"I suppose the writer thought I would not have courage to tell you—but I always believe in speaking out, you know."

"It may be some low practical joke at our expense," he suggested, his eyes lightening.

"No, even I, who never saw an anonymous letter before, could tell that this is horridly real. Whoever it is, Lord Clandonald, you—and now I—have a desperate enemy. I am threatened with a scene, an exposure, she calls it, that will disgrace me utterly, if I am seen again with you."

"Let me risk it for you! Let me stand between you and all liars, evil speakers and slanderers, for always—" the man exclaimed passionately, then stopped short.

There was that in the girl's look that startled him from his unconsidered speech. The staring white light of the electric globe immediately above them showed the bloom forsaking her young face, the lips trembling violently.

"It proves how little we know of each other that I should let you say such words to one who has no right to hear them," she said, recovering herself to speak in her natural tone. "But if we mayn't be friends, after this, please remember that I have believed you, not your slanderer. Now, as my father doesn't seem to be coming back, and this is not my native air, if it is yours, I will say good-by. We'll be too busy and too cross to want to speak to each other to-morrow morning, even if it were wise. If you meet me again, it will be a different Pamela Winstanley, one who knows more, perhaps, and makes fewer mistakes, but who'll never forget your kindness on this voyage."

Clandonald was bewildered at her rapid change back into the speech of conventionality, her self-control, her determination to put him definitely away from her. His brain was also dizzy with thoughts of the dread presence on shipboard of the one woman he had hoped never to see on earth again. What he might, could or would have answered Miss Winstanley was not said.

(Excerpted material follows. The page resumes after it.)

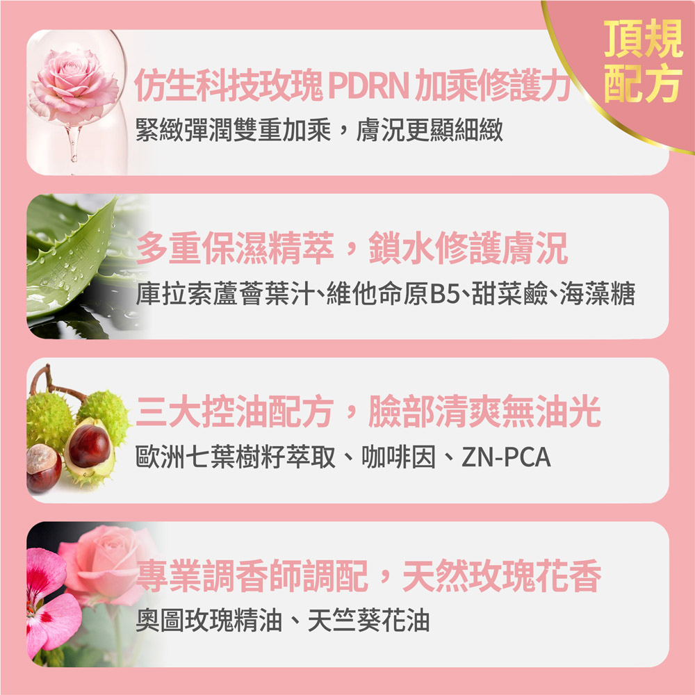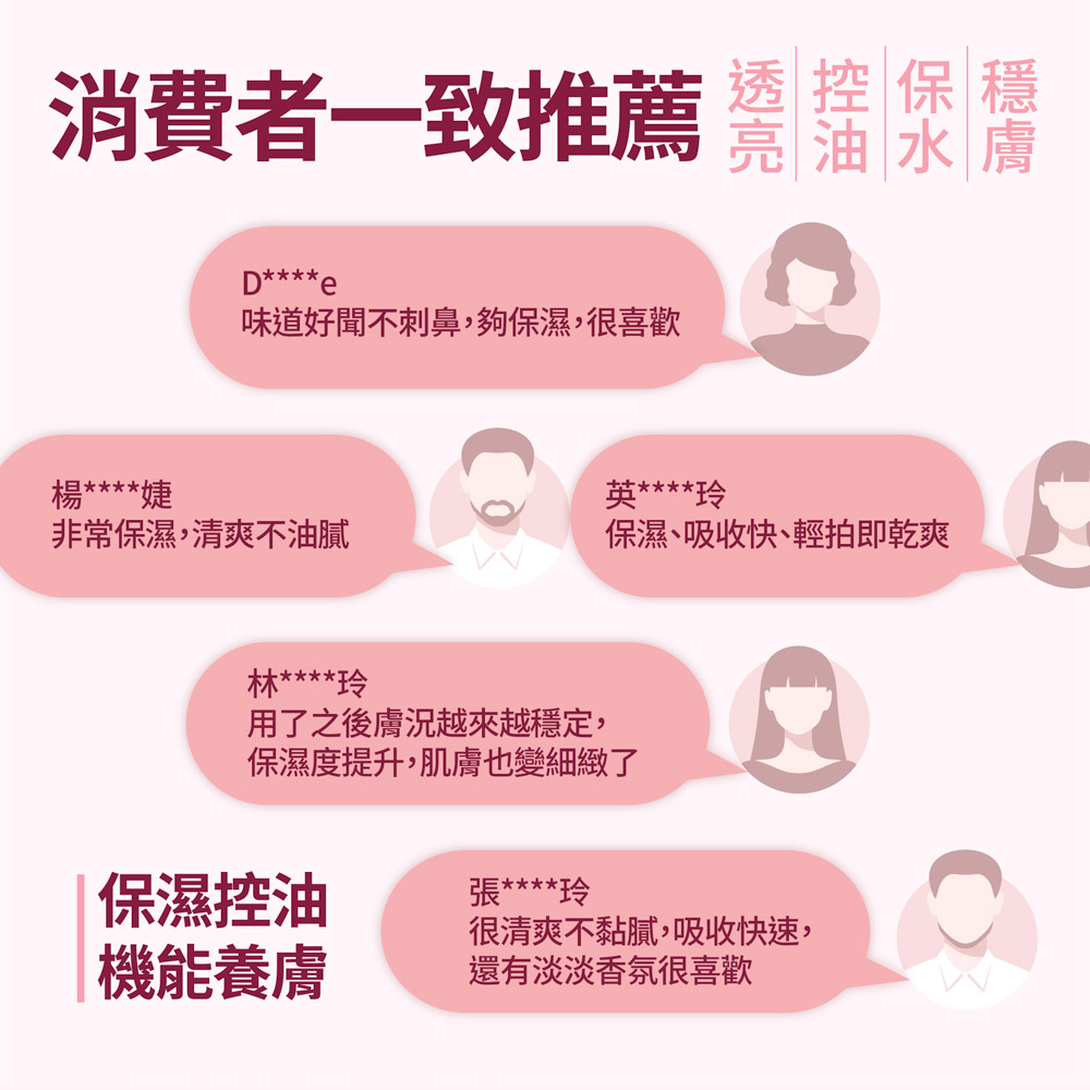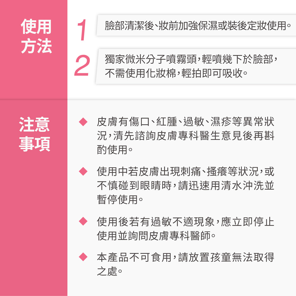 ➤ 適合臉部清潔後➤ 妝後定妝控油使用➤ 舒緩乾燥肌膚➤ 緊緻皮膚有彈性➤ 改善暗沈、提亮嫩白➤ 弱敏肌、修修臉皆適用➤ 不添加人工色素、香料、酒精

They stood together uncertainly for one confusing moment in what seemed a moist gray world, haunted by skulking shadows in tarpaulin, the chill wind of the Channel whipping them, overhead the repeated raucous roar of the fog-horn—and then she was gone, melted away into encompassing gloom! His ship-idyl, his mad brief temptations of a few moments since, were past. He was back again in England with his bitter memories and cheerless future.

To Mariol he gave, before bed-time, an account of the outrage to which Miss Winstanley had been subjected, begging him to try to trace out the offender, and silence her at any cost.

The Frenchman, promising to do this, and relieved at the collapse of his friend's nascent affair with Miss Winstanley, was hardly surprised, on awaking next day, and finding their ship safely alongside her dock in Liverpool, to be told that his lordship, impatient of delay, had gone ashore during the night in the tender that had nosed its way to the fog-bound liner to carry off the mails, leaving his servant to follow with his luggage.